#### Dataset records ####

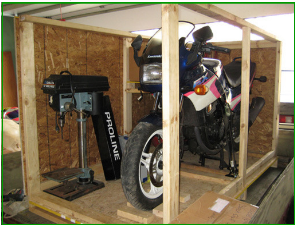
First things first, we packed the new bike and some large tools.
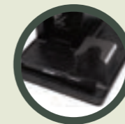
Mignon Mat Kit
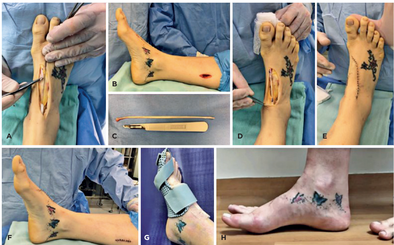
Figure 2. Intraoperative and postoperative photographs.
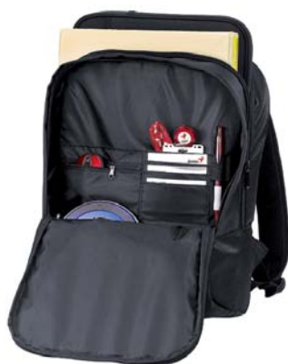
Multiple interior pockets
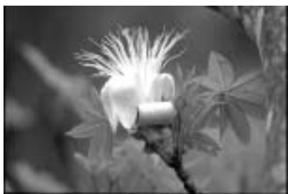
Figure 3 Boab Flower
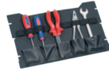
Tool lid • Art n° 81200026
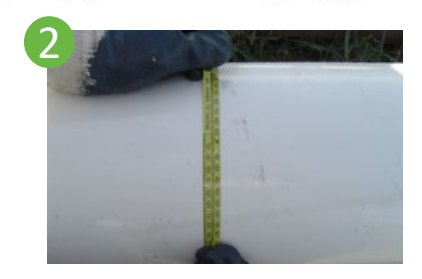
Check the main outside diameter (OD) and confirm that it falls within the tapping sleeve pipe OD range.

Position flanged (or MJ-Mechanical Joint) half of sleeve on pipe making sure outlet is properly aligned with branch-line to be connected. Make certain that the tapered ends of the complete circle gasket are smooth against the pipe. Never position so that rotation of sleeve is required.
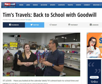
Tim's Travels: Back to
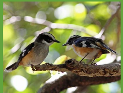
Rufous Owl, Yellow-rumped Mannikin, Buff-sided Robin
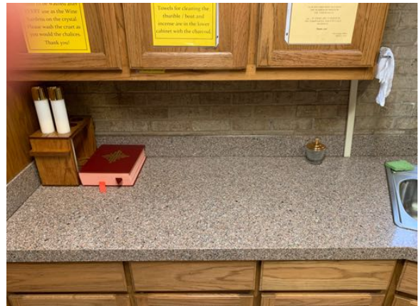
Figure 3a working sacristy counter, Mary side, before Mass

####

What to produce: Set down all the entries above verbatim, and include none of the pictures.

Answer to this problem:
First things first, we packed the new bike and some large tools.
Mignon Mat Kit
Figure 2. Intraoperative and postoperative photographs.
Multiple interior pockets
Figure 3 Boab Flower
Tool lid • Art n° 81200026
Check the main outside diameter (OD) and confirm that it falls within the tapping sleeve pipe OD range.

Position flanged (or MJ-Mechanical Joint) half of sleeve on pipe making sure outlet is properly aligned with branch-line to be connected. Make certain that the tapered ends of the complete circle gasket are smooth against the pipe. Never position so that rotation of sleeve is required.
Tim's Travels: Back to
Rufous Owl, Yellow-rumped Mannikin, Buff-sided Robin
Figure 3a working sacristy counter, Mary side, before Mass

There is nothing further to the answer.